Business

Canadian house prices still rising, but at slowest annual pace since January 2015

The average price of a Canadian home increased by 5 per cent to $456,722 in August from a year earlier, the smallest annual gain since January 2015, the Canadian Real Estate Association says.

Average price of Canadian home increased by 5% to $456,722 in August from year earlier, CREA reports

Three people look at a home for sale.
Vancouver's housing market is having less of an impact on the national figure than it normally does, CREA says. (Daniel Acker/Bloomberg)

The average price of a Canadian home increased by 5 per cent to $456,722 in August.

That's the smallest annual gain since January 2015, the Canadian Real Estate Association said in a release Thursday.

Hot housing markets in Toronto and Vancouver continue to skew the national average higher, but a recent cool-down in Vancouver specifically mean that city is having less of an impact that usual in the national figure, CREA said.

In July, the city slapped a 15 per cent surtax on foreign buyers, and there's anecdotal evidence that that move is already having a major impact on demand, and prices.

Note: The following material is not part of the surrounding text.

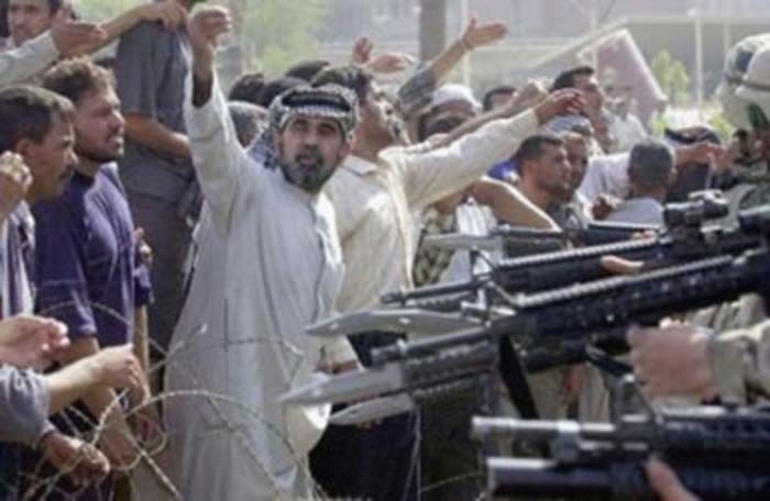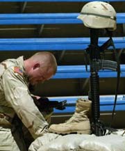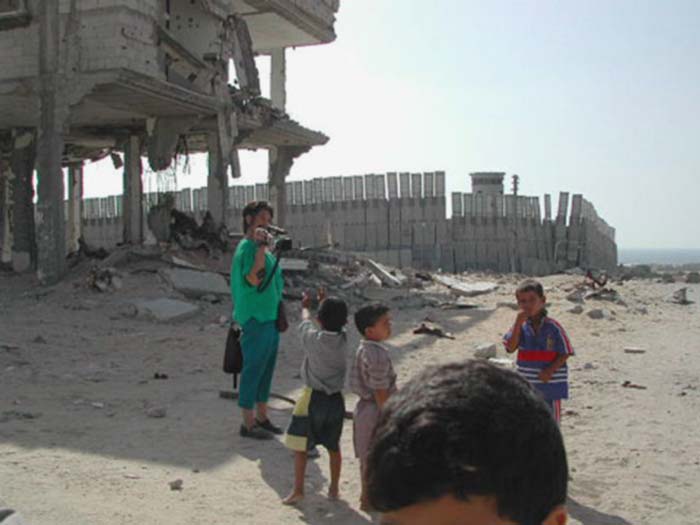 Israel s Apartheid Wall: 347 kilometers of concrete running north to south. It is twenty-five feet high and ten feet thick. Write us! U.S. soldiers, right, prevent former Iraqi soldiers from trying to enter the American headquarters during a demonstration in Baghdad, Wednesday, June 18, 2003. A U.S. military spokesman confirmed that U.S. soldiers killed two Iraqis during the demonstration. (AP Photo/Victor R. Caivano) U.S. Army Sergeant Dennis Duell of Mexico, New York kneels in front of the boots, rifle, helmet and identification tags of sniper victim Private First Class Shawn David Pahnke during a memorial service in Baghdad June 20, 2003. Pahnke, of Merriville, Indiana, was killed on Monday while riding in a Humvee. REUTERS/Chris Helgren Khan Yunis refugee camp: Dozens of houses have been destroyed in intense bombings since September 2000. The area of destruction has been widened since January, 2002, and the Israeli settlement has expanded into the ruins of the refugee camp, as seen in the newly erected wall (Shirabe Yamada). |

"Single family homes sales were already cooling before the new land transfer tax on foreign home buyers in Metro Vancouver came into effect," CREA's chief economist Gregory Klump said. "The surprise announcement of the new tax caused sales to brake hard."

If Toronto and Vancouver are stripped out of the figures, the average Canadian home was worth $357,033 in August.

As Bank of Montreal economist Robert Kavcic put it, "The big story behind the national figures (which you can go ahead and call irrelevant) [is that] Vancouver has gone cold, while Toronto is heating up to a rolling boil."